I fully expected this. It doesn't seem to matter whether I'm among thousands in a tightly-packed stadium crowd or alone in the remote wilderness of a national park, eventually the single, most disturbed person in the vicinity will lock onto me like a heat-seeking missile. Panhandlers will cross busy city streets to regale me with long, incoherent stories involving the injustices of the Veterans Administration. Retirees bearing accordion-sized wallets stuffed with detailed literature on beekeeping will seek me out in restaurants. More than once I have been approached by people complaining that UFO's are keeping them awake at night. I guess I have that kind of face.

This woman's Buick-Engine-Removal anecdote had already got me thinking she was a garden-variety nutcase or just plain misinformed. But my Ghia was still up on the lift, the kid taking his time,doing a nice, thorough job scrubbing the oil strainer with solvent and a wire brush. I let her talk.

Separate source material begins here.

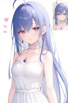 1girl, solo, long hair, looking at viewer, bangs, dress, jewelry, blue hair, earrings, necklace, white dress, reference inset, photo inset

"My brother Charlie married a lady cop. She was on the San Bernardino police department where they lived." she told me. "Her family hated him. Ramirez is their name. See, they were Spanish. My brother was an Italian. That's why they couldn't stand him. They said it was suicide, but he was murdered. She killed him and I know it."

They'd found her brother in his living room wearing only his BVD's, a bullet through his heart. Was it her gun? No, she told me it was his own. "She made Charlie buy one and showed him how to use it. See, her family threatened him. They said they'd kill him. He told me about these threats all the time. He was going to divorce her, and her family couldn't take that. So they threatened him."

I asked how she could be so sure it wasn't suicide. "He left no note. And he was shot through the chest. The chest, see? Men don't do that. They go for the head. And another thing. My brother was a very modest man. He was very hairy, you know, and embarrassed about it. He never let anyone see him without a shirt. That morning he'd called a friend to come over and watch the ball game with him. I know one thing, if my brother Charlie was going to kill himself, he would have put on a shirt first."

 

Charlie had gone to see a psychiatrist a week before his death. "That woman. She was so smart. A real cold bitch who knew all the angles of how to get away with murder" she continued. "She knew that for a judge to rule suicide, there had to be evidence of psychiatric treatment. So she made him go. Said he was depressed. They were getting a divorce, for Chrissake. Who wouldn't be a little depressed?"

I wanted to ask her what she thought the motive was. The thought crossed my mind that Charlie may have had a blonde cookie on the side, the wife found out, and wham, Pancho Villa & Clan rode over for some Western vengance. It could be true. Maybe this was one of the thousands of small acts of mayhem that manages to slip through the cracks of the justice system every year. Maybe I'd just joined a handful of insiders who knew the real truth about poor Charlie's death. Maybe I was in jeopardy because I knew names, places, and dates. More likely the whole convoluted story was utterly absurd. There was no hard evidence. No smoking gun, no fingerprints, no expert testimony, no bloody glove. Just an angry woman sitting next to me in a white plastic chair. I floated the girlfriend angle with her anyway. "Charlie was 69 years old" she said levelly, "Believe me, there was no girlfriend."

My Karmann Ghia's engine roared to life on the garage floor. One of the kids motioned to me with a clipboard. It was time to pay my $29.95 and be on my way. I mumbled a goodbye to my companion. In closing, I half-expected her to beg me to forget about everything she'd said, ask for some kind of a handout, or even furtively thrust a religious tract into my hands. Instead, she produced a quick, bitter summary for me to chew on the rest of the day. "Cops protect their own. There was no investigation. She got the house, the bank account, and the '70 Ford Galaxy. A real, selfish bitch."